(Records from a collection)
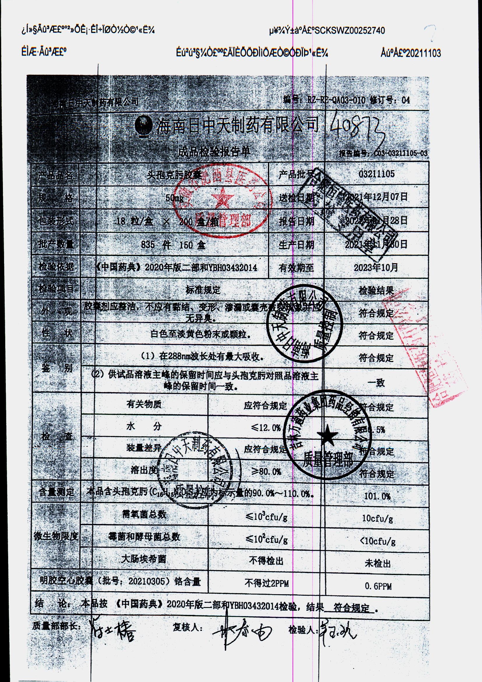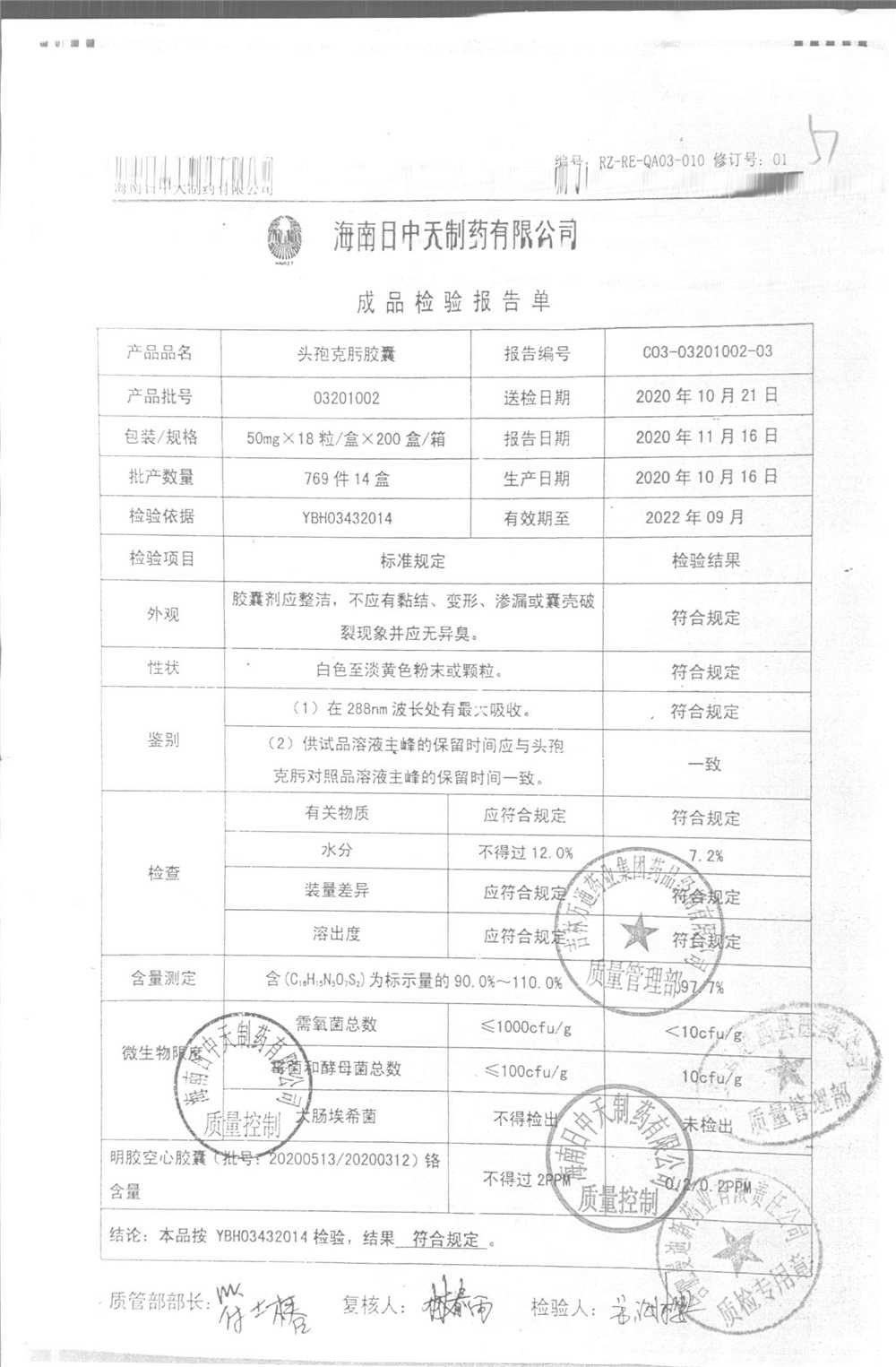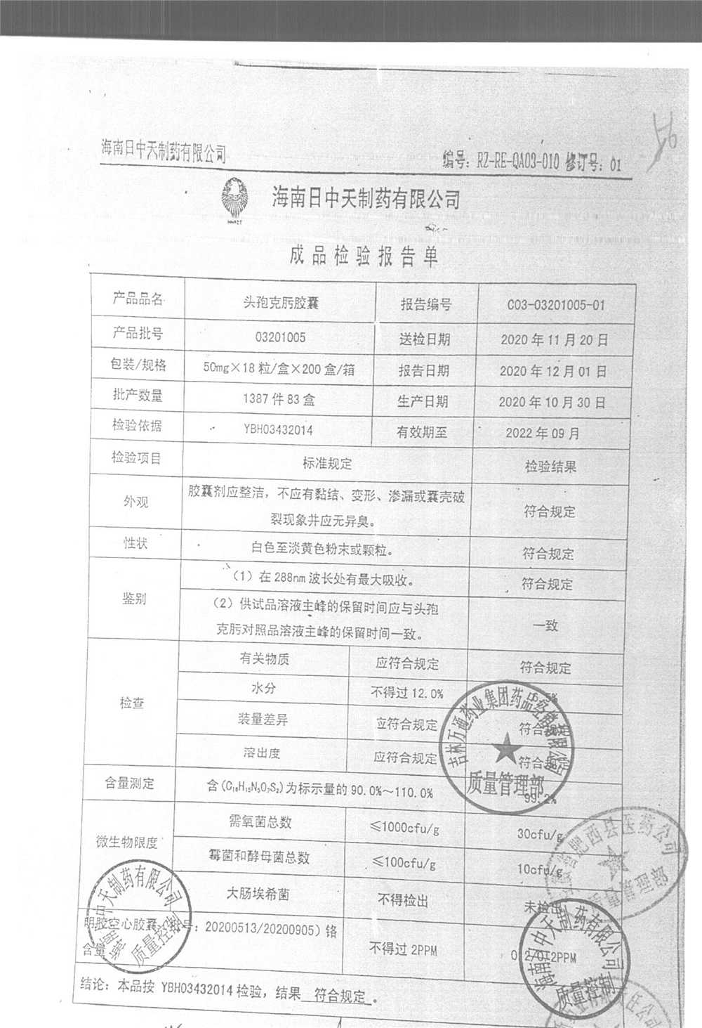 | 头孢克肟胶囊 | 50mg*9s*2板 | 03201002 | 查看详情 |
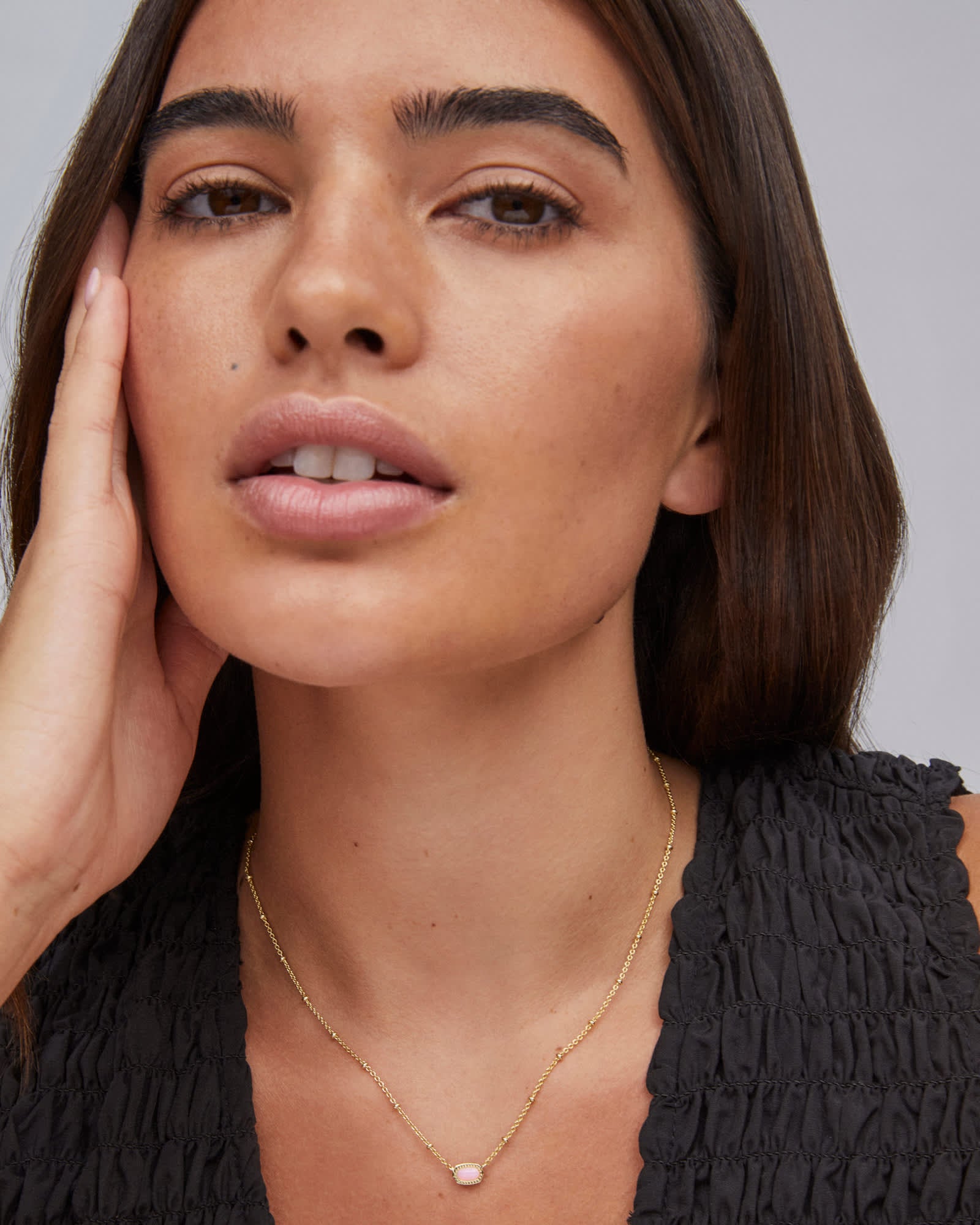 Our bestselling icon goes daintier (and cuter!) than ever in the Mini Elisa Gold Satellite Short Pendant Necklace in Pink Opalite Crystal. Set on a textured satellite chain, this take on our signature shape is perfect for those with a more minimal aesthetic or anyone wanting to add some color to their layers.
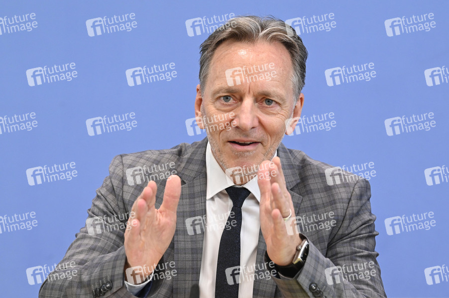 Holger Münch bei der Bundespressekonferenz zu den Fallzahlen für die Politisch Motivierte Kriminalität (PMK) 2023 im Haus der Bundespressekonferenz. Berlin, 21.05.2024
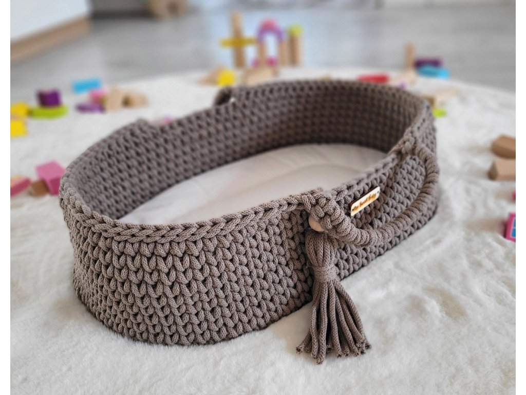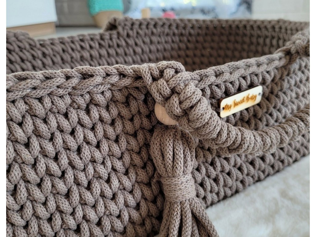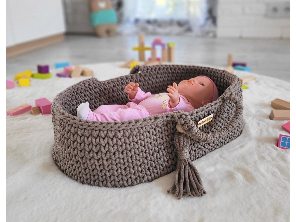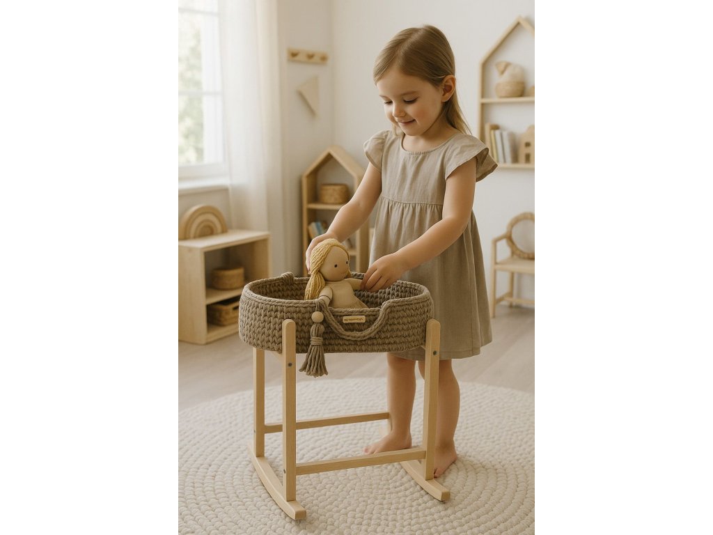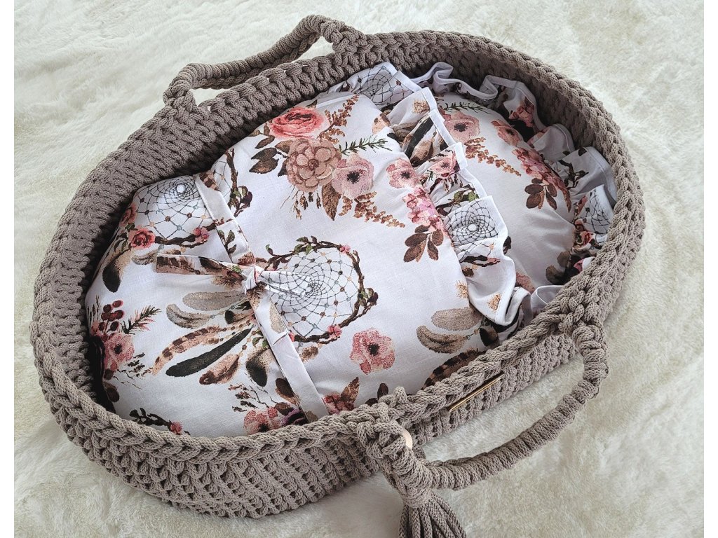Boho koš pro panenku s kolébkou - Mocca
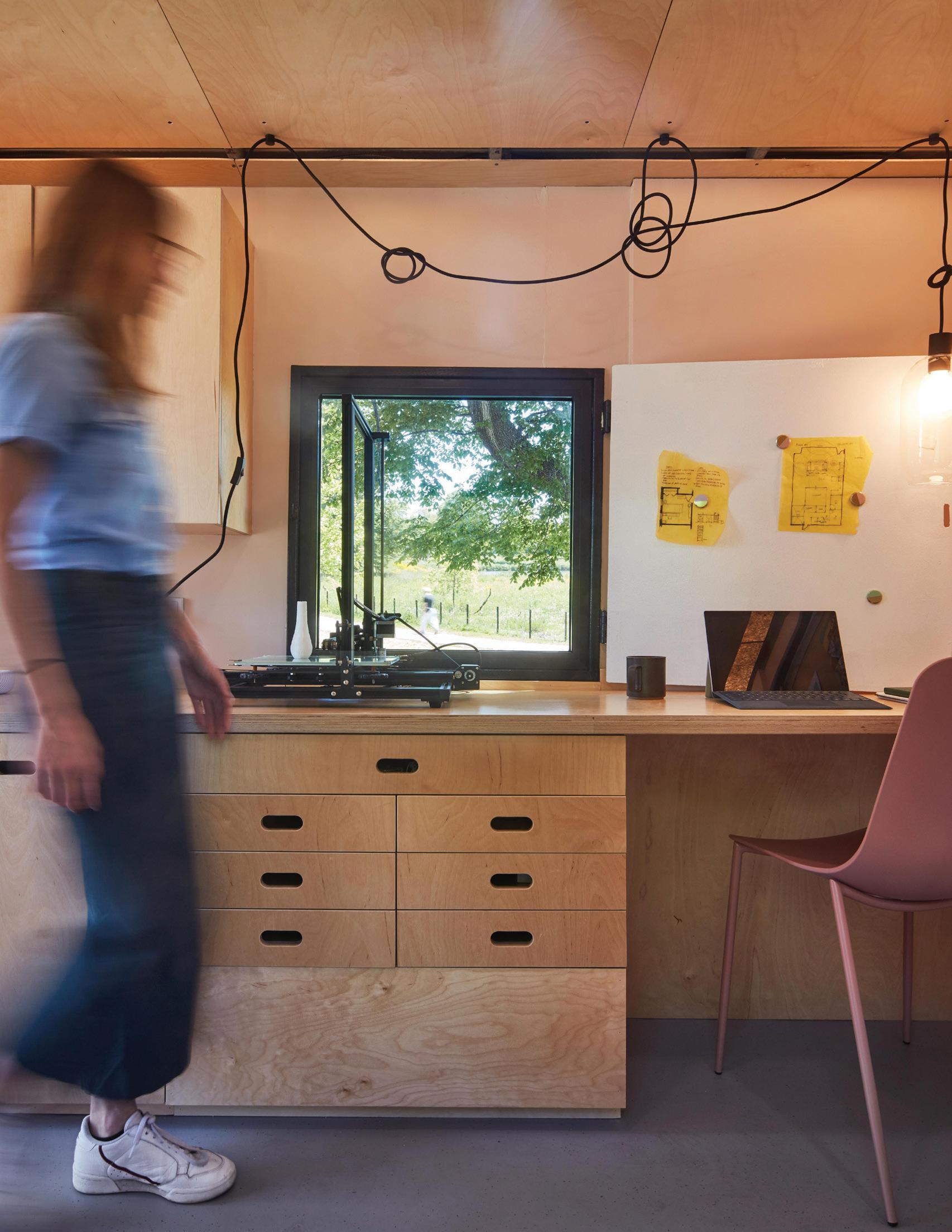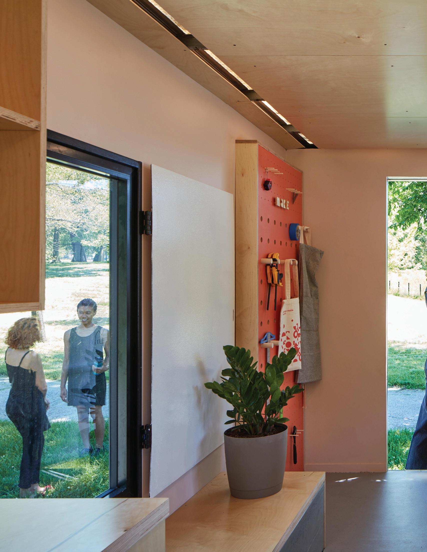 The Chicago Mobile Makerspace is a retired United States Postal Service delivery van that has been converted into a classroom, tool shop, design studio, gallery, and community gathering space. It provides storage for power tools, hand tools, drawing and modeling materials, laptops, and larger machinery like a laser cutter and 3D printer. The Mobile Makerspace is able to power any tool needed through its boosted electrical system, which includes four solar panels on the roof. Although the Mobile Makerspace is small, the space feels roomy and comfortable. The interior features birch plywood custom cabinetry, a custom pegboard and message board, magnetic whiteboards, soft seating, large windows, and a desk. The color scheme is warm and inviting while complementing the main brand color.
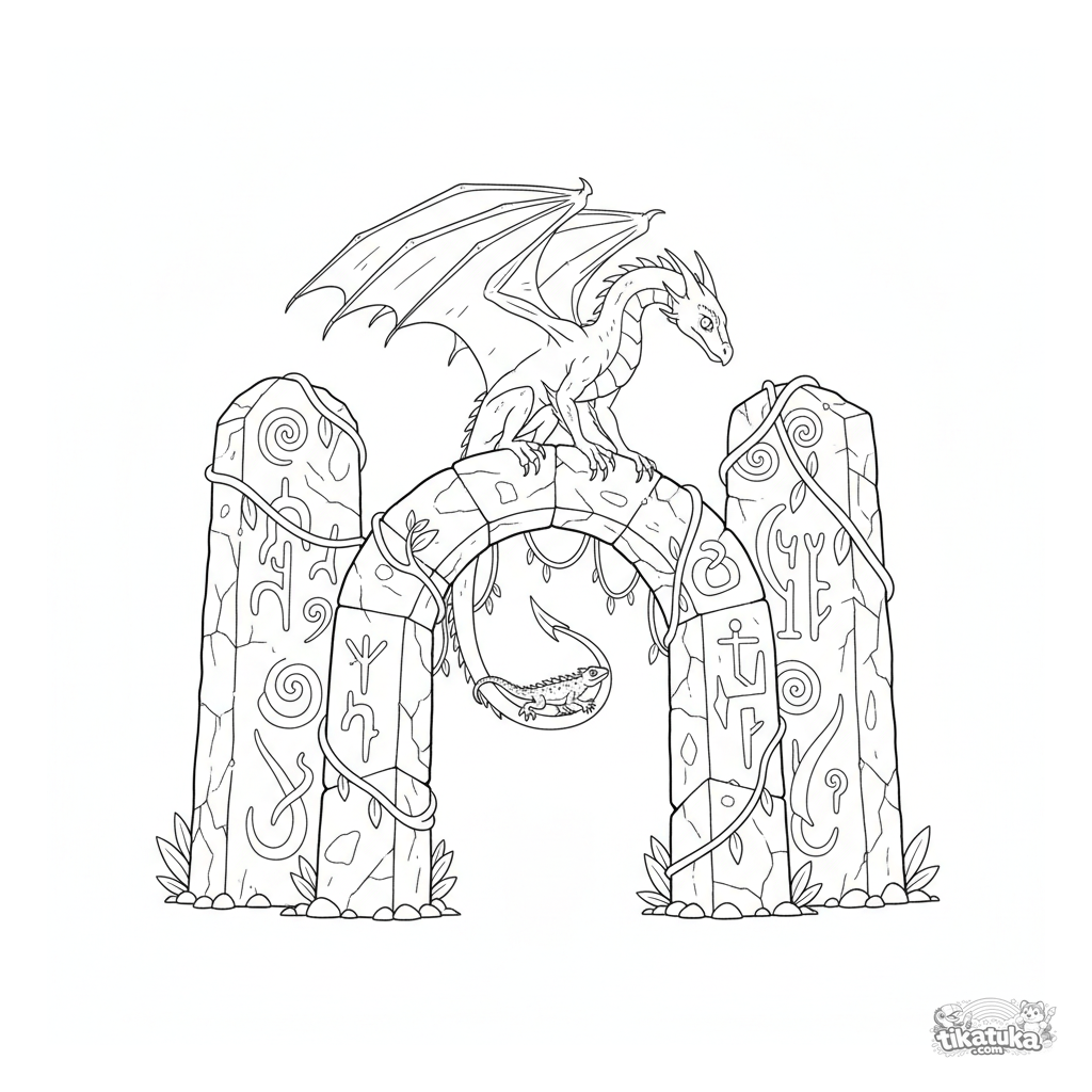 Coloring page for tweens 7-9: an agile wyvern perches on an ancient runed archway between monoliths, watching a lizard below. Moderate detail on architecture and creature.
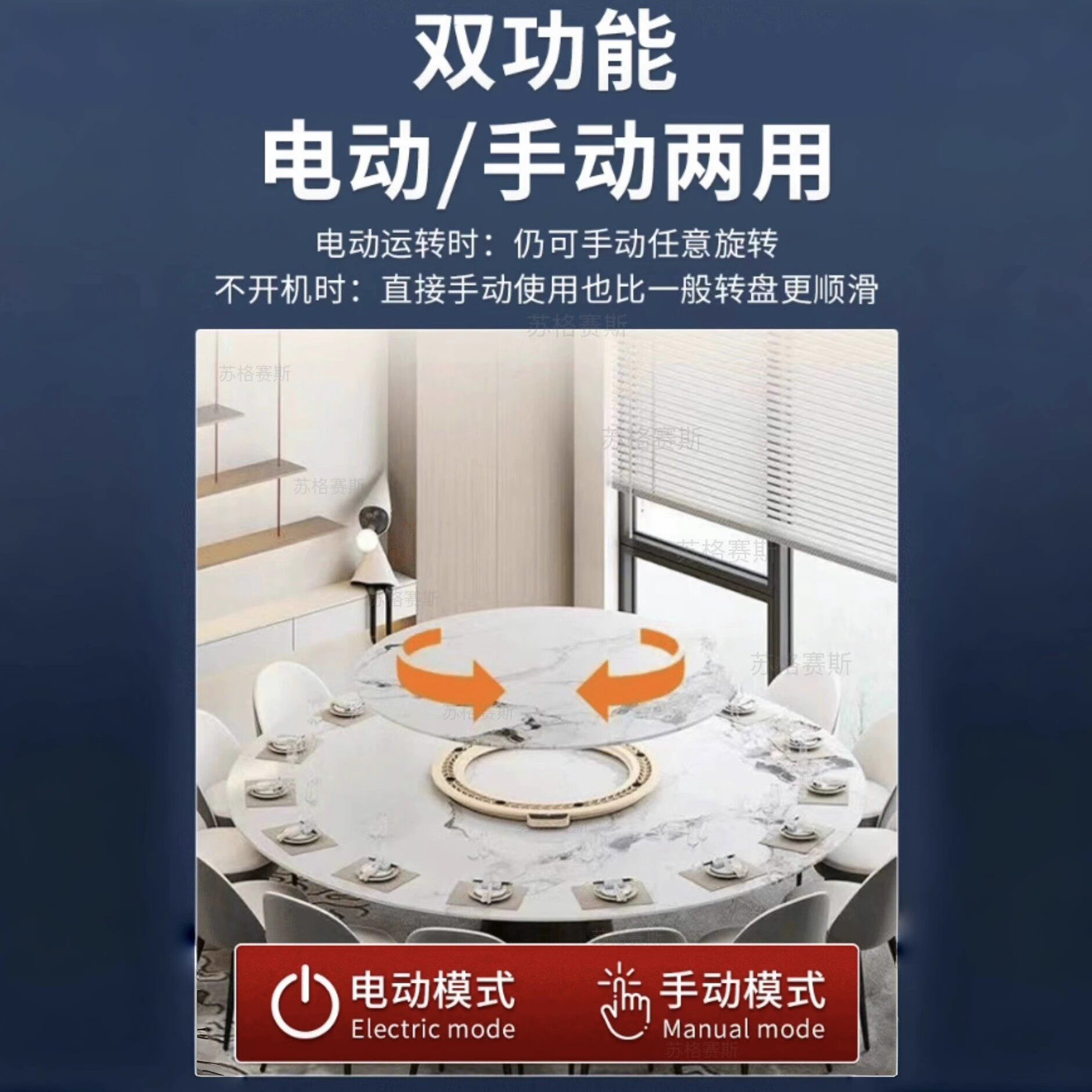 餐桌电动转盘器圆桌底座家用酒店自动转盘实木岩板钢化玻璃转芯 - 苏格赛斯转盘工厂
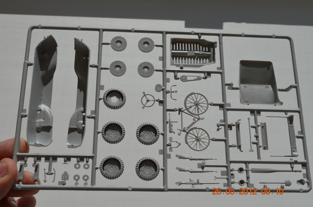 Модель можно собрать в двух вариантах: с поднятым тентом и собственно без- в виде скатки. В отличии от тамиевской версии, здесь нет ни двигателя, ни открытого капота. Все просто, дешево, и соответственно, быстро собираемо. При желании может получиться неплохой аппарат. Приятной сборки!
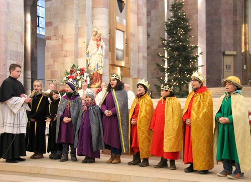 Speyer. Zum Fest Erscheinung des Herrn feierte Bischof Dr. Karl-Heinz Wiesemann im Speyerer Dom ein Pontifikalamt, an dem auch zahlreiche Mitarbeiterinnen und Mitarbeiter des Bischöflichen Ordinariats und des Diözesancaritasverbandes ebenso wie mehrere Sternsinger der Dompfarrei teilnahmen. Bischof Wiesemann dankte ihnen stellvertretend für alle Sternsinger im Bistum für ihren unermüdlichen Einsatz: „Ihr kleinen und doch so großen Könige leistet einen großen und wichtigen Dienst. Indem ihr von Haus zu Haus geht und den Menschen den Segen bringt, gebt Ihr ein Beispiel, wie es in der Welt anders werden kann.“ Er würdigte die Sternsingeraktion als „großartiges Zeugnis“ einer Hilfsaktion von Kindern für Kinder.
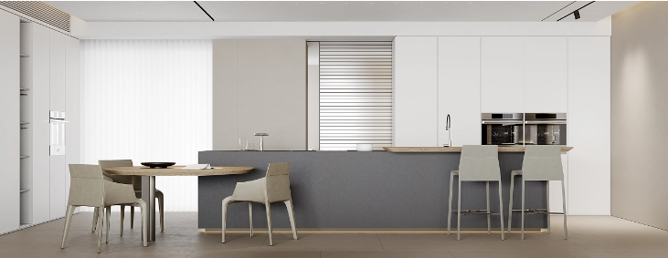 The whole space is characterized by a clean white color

**Work task:**
Type out each line of the records above exactly, skipping any pictures.

**Result:**
 | 头孢克肟胶囊 | 50mg*9s*2板 | 03201002 | 查看详情 |
 Our bestselling icon goes daintier (and cuter!) than ever in the Mini Elisa Gold Satellite Short Pendant Necklace in Pink Opalite Crystal. Set on a textured satellite chain, this take on our signature shape is perfect for those with a more minimal aesthetic or anyone wanting to add some color to their layers.
 Holger Münch bei der Bundespressekonferenz zu den Fallzahlen für die Politisch Motivierte Kriminalität (PMK) 2023 im Haus der Bundespressekonferenz. Berlin, 21.05.2024
Boho koš pro panenku s kolébkou - Mocca
 The Chicago Mobile Makerspace is a retired United States Postal Service delivery van that has been converted into a classroom, tool shop, design studio, gallery, and community gathering space. It provides storage for power tools, hand tools, drawing and modeling materials, laptops, and larger machinery like a laser cutter and 3D printer. The Mobile Makerspace is able to power any tool needed through its boosted electrical system, which includes four solar panels on the roof. Although the Mobile Makerspace is small, the space feels roomy and comfortable. The interior features birch plywood custom cabinetry, a custom pegboard and message board, magnetic whiteboards, soft seating, large windows, and a desk. The color scheme is warm and inviting while complementing the main brand color.
 Coloring page for tweens 7-9: an agile wyvern perches on an ancient runed archway between monoliths, watching a lizard below. Moderate detail on architecture and creature.
 餐桌电动转盘器圆桌底座家用酒店自动转盘实木岩板钢化玻璃转芯 - 苏格赛斯转盘工厂
 Модель можно собрать в двух вариантах: с поднятым тентом и собственно без- в виде скатки. В отличии от тамиевской версии, здесь нет ни двигателя, ни открытого капота. Все просто, дешево, и соответственно, быстро собираемо. При желании может получиться неплохой аппарат. Приятной сборки!
 Speyer. Zum Fest Erscheinung des Herrn feierte Bischof Dr. Karl-Heinz Wiesemann im Speyerer Dom ein Pontifikalamt, an dem auch zahlreiche Mitarbeiterinnen und Mitarbeiter des Bischöflichen Ordinariats und des Diözesancaritasverbandes ebenso wie mehrere Sternsinger der Dompfarrei teilnahmen. Bischof Wiesemann dankte ihnen stellvertretend für alle Sternsinger im Bistum für ihren unermüdlichen Einsatz: „Ihr kleinen und doch so großen Könige leistet einen großen und wichtigen Dienst. Indem ihr von Haus zu Haus geht und den Menschen den Segen bringt, gebt Ihr ein Beispiel, wie es in der Welt anders werden kann.“ Er würdigte die Sternsingeraktion als „großartiges Zeugnis“ einer Hilfsaktion von Kindern für Kinder.
 The whole space is characterized by a clean white color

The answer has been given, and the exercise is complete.